An equijoin is an example of a binary operation that produces a result multi-set (a multi-set is a collection of items that allows non-distinct items) based on the contents of two multi-set sources. Other binary SQL operations that produce result set based on two multi-set sources are minus and intersect. Each of these operations shall be described in greater detail hereafter.
A minus operation returns all of the distinct elements of one multi-set (the “left-hand source) that do not match any values in another multi-set (the “right hand source”). Thus, column R.b minus column S.b would produce the result set (B), because B is the only value in R.b that does not match with any value in S.b. Significantly, even if R.b has the value “B” in several rows, the result set of the minus operation would only include a single “B”, because minus operations only return distinct values (i.e. no duplicates).
An intersect operation returns all of the distinct elements in one multi-set (the “left-hand source”) that are also contained in another multi-set (the “right-hand source”). Thus, column R.b intersect column S.b would produce the result set (A, C), because A and C are the values in R.b that match values in S.b. Significantly, even though C matches two rows in S.b, only one C is included in the result set because intersect operations only return distinct values.
MINUS and INTERSECT are commonly used set operators in the Structured Query Language (“SQL”) that is supported by most database servers. MINUS and INTERSECT operators have been adopted in ANSI SQL for the last ten years, and every major database vendor offers support of the MINUS and INTERSECT operators in some form or another. A common strategy for performing the MINUS/INTERSECT operations involves, for example, performing a sort-merge join and a sort-merge anti-join, respectively.
In data-warehouses with reporting applications, set operators are usually evaluated on very large sets of data, so it is critical to make the set operations, such as MINUS and INTERSECT, scale in any SQL execution engine. Based on the foregoing, it is desirable to provide techniques that handle MINUS/INTERSECT operations more efficiently.
The approaches described in this section are approaches that could be pursued, but not necessarily approaches that have been previously conceived or pursued. Therefore, unless otherwise indicated, it should not be assumed that any of the approaches described in this section qualify as prior art merely by virtue of their inclusion in this section.
The present invention is illustrated by way of example, and not by way of limitation, in the figures of the accompanying drawings and in which like reference numerals refer to similar elements and in which:
In the following description, for the purposes of explanation, numerous specific details are set forth in order to provide a thorough understanding of the present invention. It will be apparent, however, that the present invention may be practiced without these specific details. In other instances, well-known structures and devices are shown in block diagram form in order to avoid unnecessarily obscuring the present invention.
Various techniques are described hereafter for processing database commands that include MINUS and/or INTERSECT operators.

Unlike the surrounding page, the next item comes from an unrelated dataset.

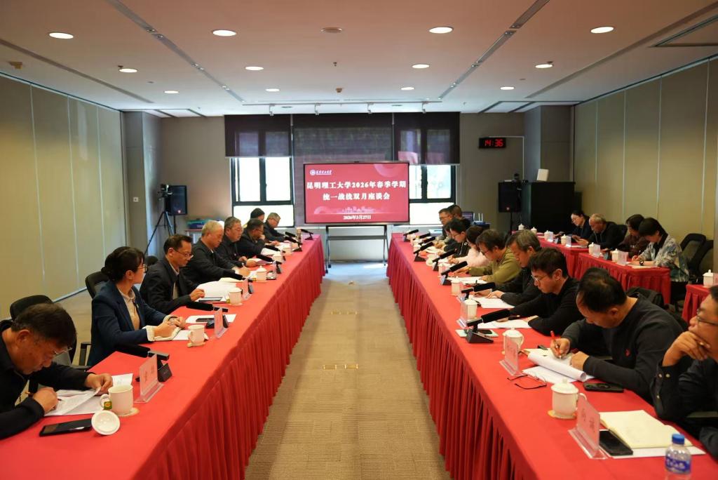 3月27日下午,昆明理工大学2026年春季学期统一战线双月座谈会在莲华校区召开。会议主题是:学习贯彻党中央关于统战工作的决策部署、省委工作要求和学校党委工作安排,总结2025年工作,布置2026年任务,为实现“十五五”发展良好开局、决战决胜“双一流”创建贡献力量。校党委书记唐家华、校党委副书记蔡金红出席会议。

According to one approach, multi-tiered transformation is performed on queries that contain MINUS and/or INTERSECT operators to create a plurality of transformed queries. Each of the transformed queries produces the same result as the original query, but does not include the MINUS and/or INTERSECT operator. Queries that produce the same result as a particular query are referred to herein as “equivalent queries” or “semantically equivalent queries” of that particular query.
To achieve the same result set as the original query, the transformed queries employ equijoins, antijoins, and/or semijoins, and duplicate elimination operations. Costs are estimated for each of the various transformed queries. Based on the cost estimates, one of the transformed queries is selected as the query that is to be executed to perform the operations specified in the original query.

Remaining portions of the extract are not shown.